Speaking by phone from Caracas, Ramírez also said Arteaga reflects the Maduro regime’s increased attacks on peaceful activists.
“Wuilly symbolizes peaceful protest, and the regime wants to eradicate that,” Ramírez said. “They want the world to think the opposition is only violent terrorists.”
Venezuelan expats note the country is simply following a script that was “written in the last century by the Castros in Cuba and has been transposed to Venezuela,” says Millie Herrera, a Cuban-born Venezuelan-American.

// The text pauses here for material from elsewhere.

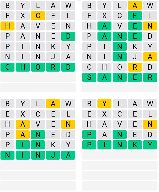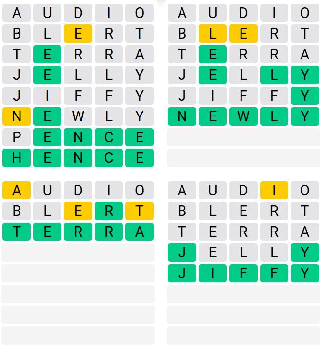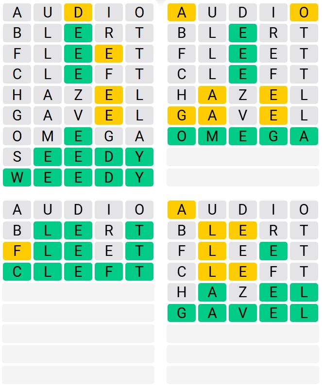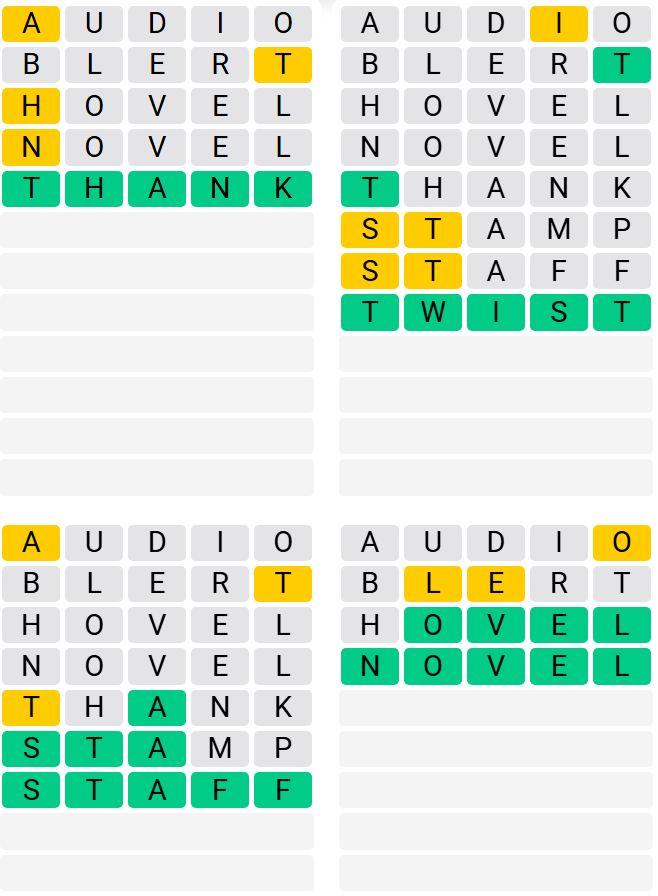 It is the most popular daily word game outside of Wordle due to the increased level of difficulty. Players must guess four five-letter words in as few as nine attempts, rather than guessing one word.

For expats with that kind of dual perspective, “It’s almost like you have X-ray vision,” says Herrera, who owns a Coral Gables business consulting firm. “It’s like, Oh my goodness – again.”
Herrera, who was part of an expat group that met this month with Florida Sen. Bill Nelson to discuss the Venezuelan emergency, says she watched her late, democracy-activist father oppose both the Castro regime in Cuba and Venezuela’s socialists. He taught her when to know a country has become a police state – and when opposition leaders will be hunted down and flee into exile.

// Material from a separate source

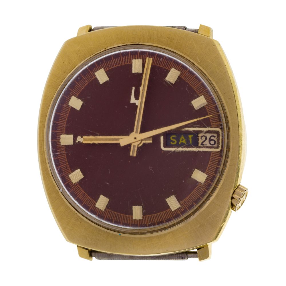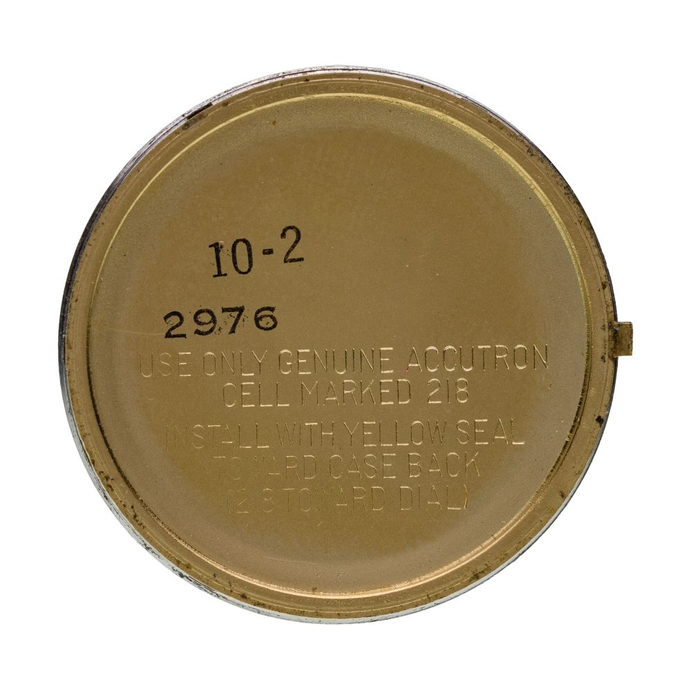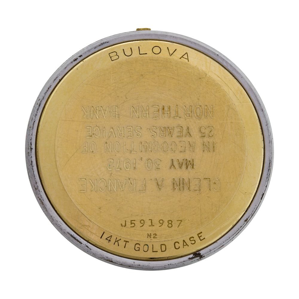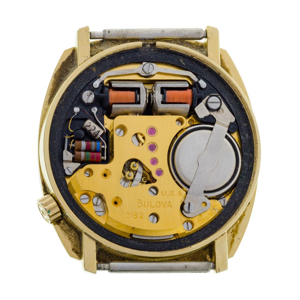 Model #2182, 1970s, applied gold-tone stick hour markers, sweep second hand, date aperture at 3-o’clock, screw-off back (marked “14k”)

In Venezuela, she says, that’s now.
“It always happens in these quote-unquote revolutions,” she says. “They choose who they persecute and who they jail, because that is strategic to set an example and fear.”
As a result, Miami-Dade County commissioners last week urged President Trump to grant Venezuelan immigrants Temporary Protected Status. Last Friday Trump may have made that even more necessary when he said the U.S. was considering “a military option” against Venezuela.
Critics say his remark simply gave the Maduro regime an excuse to intensify the persecution of its opponents at home – and made the targets on the backs of Venezuelan opposition figures like Gustavo Marcano even bigger.